Quality inspection results should be included as part of the batch release documentation, says Susan J. Schniepp, distinguished fellow at Regulatory Compliance Associates.

 

Q: My company is a contract manufacturer. Our final product inspection process consistently delays timely release of the manufactured products to our clients. Is there a best process/practice for performing a quality inspection?

 

A: This is not a new problem for the industry. To me, some of the issue is the fact that we call the specific activity of the overall physical product evaluation the “final product inspection.” In my opinion, the physical product evaluation should start at the beginning: the receipt of the individual components (stoppers, vials, labels, etc.) that are used in manufacturing.

 

Quality Inspection

 

Each component should pass an incoming quality inspection with defined acceptable quality limits (AQL) and clear directions for rejection of the component should it exceed the AQL. The specific elements to be looked at on incoming inspection will vary depending on the component.

 

Let’s assume your company manufactures sterile injectable products and the major component you will use in manufacturing is a glass vial. The first step in the process is to perform an incoming inspection of the glass vials. The number of vials to inspect from the shipment will depend on the number of vials contained in the shipment. The sample size to be inspected should be recorded in the appropriate standard operating procedure (SOP). The specific defects to be inspected should also be included in the SOP.

 

Quality Control Inspection

 

When evaluating quality control defects, most companies employ definitions of critical, major, and minor to the reject/accept criteria. In the case of vials, critical might be defined as likely to cause harm to the patient; major might be defined as leading to impairment to the patient; and minor would be defined as cosmetic defect causing no threat to the patient. Defining the acceptance criteria upfront may save you a lot of time at the end of the process.

 

Once the vial is accepted, it will be used in the manufacturing process. Defects that exist in the vial after initial acceptance may be detected during this step of the process. Many manufacturing lines have automatic sensors that detect vial imperfections and eliminate the vial from the batch before it is sent for labeling. The line operators need to be trained to recognize when there is an increase in rejected vials because this could mean that the incoming inspection did not pick up the vial defect.
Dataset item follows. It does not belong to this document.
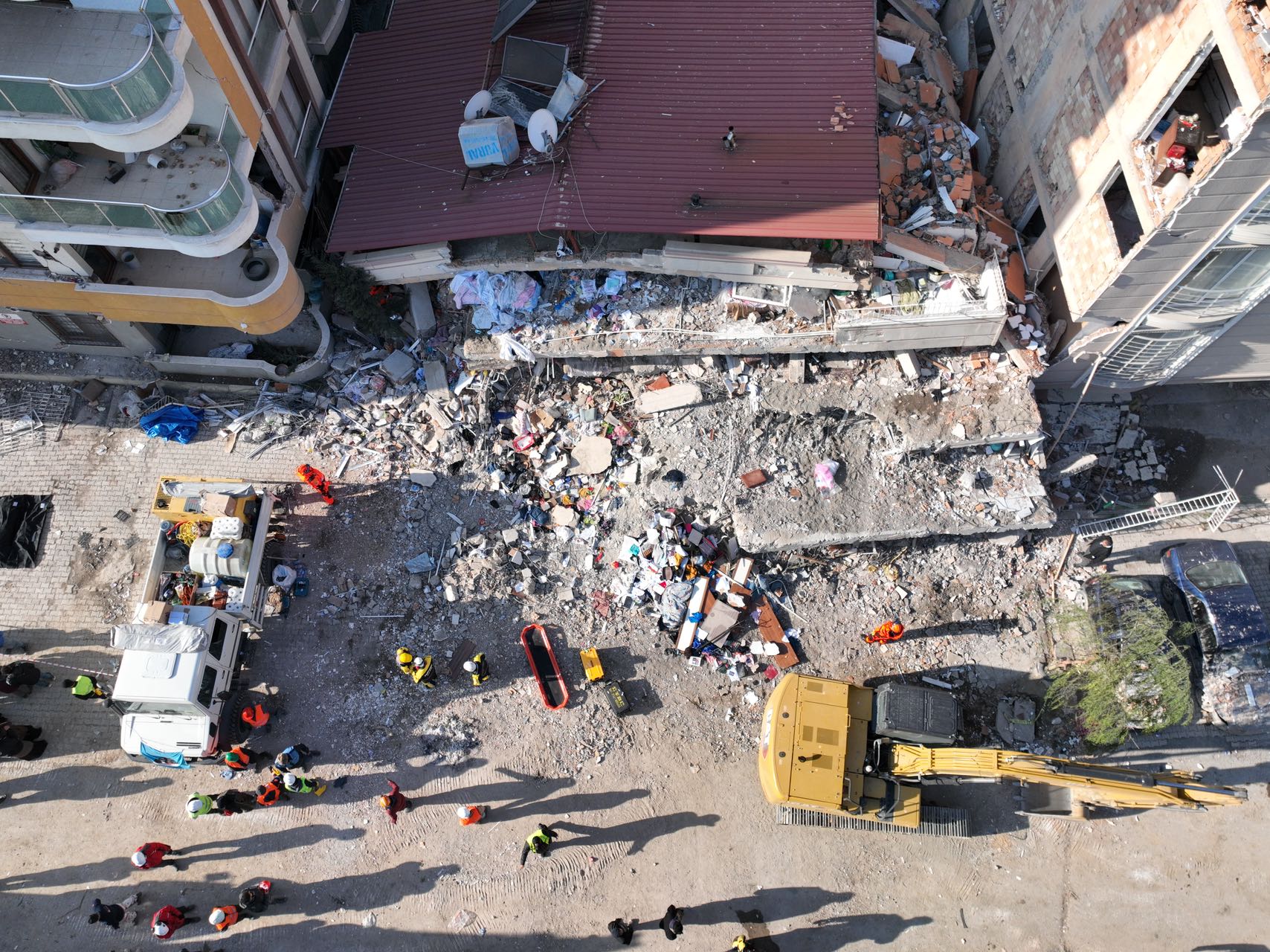 Equipe de resgate Ramunion e a equipe de buscas urbanas do exército turco resgataram com sucesso uma família de uma casa na cidade de Belen. Foto cortesia da equipe de resgate Ramunion

Again, if the defect can be detected and categorized at this process stage, it will save time at the product release stage.

 

Quality Assurance Inspection

 

The last quality assurance stage before labeling would be visual inspection of the stoppered vial. Some companies perform this step manually with trained visual inspectors while others utilize visual inspection equipment to perform the final inspection of the vial before labeling. Companies using vial inspectors typically focus those inspectors on looking for particulates in the vial, but they should also be trained to recognize vial defects. Regardless of which inspection format is used, there should be SOPs and AQLs governing the inspection process.

 

Final product inspection results should be included as part of your , so it is important to have repeatable, defined process/processes in place at all stages of the manufacturing process that is/are suitable for the product being inspected. The more time you spend upfront in the component inspection process, the more efficient your quality checks in manufacturing and batch release process will be.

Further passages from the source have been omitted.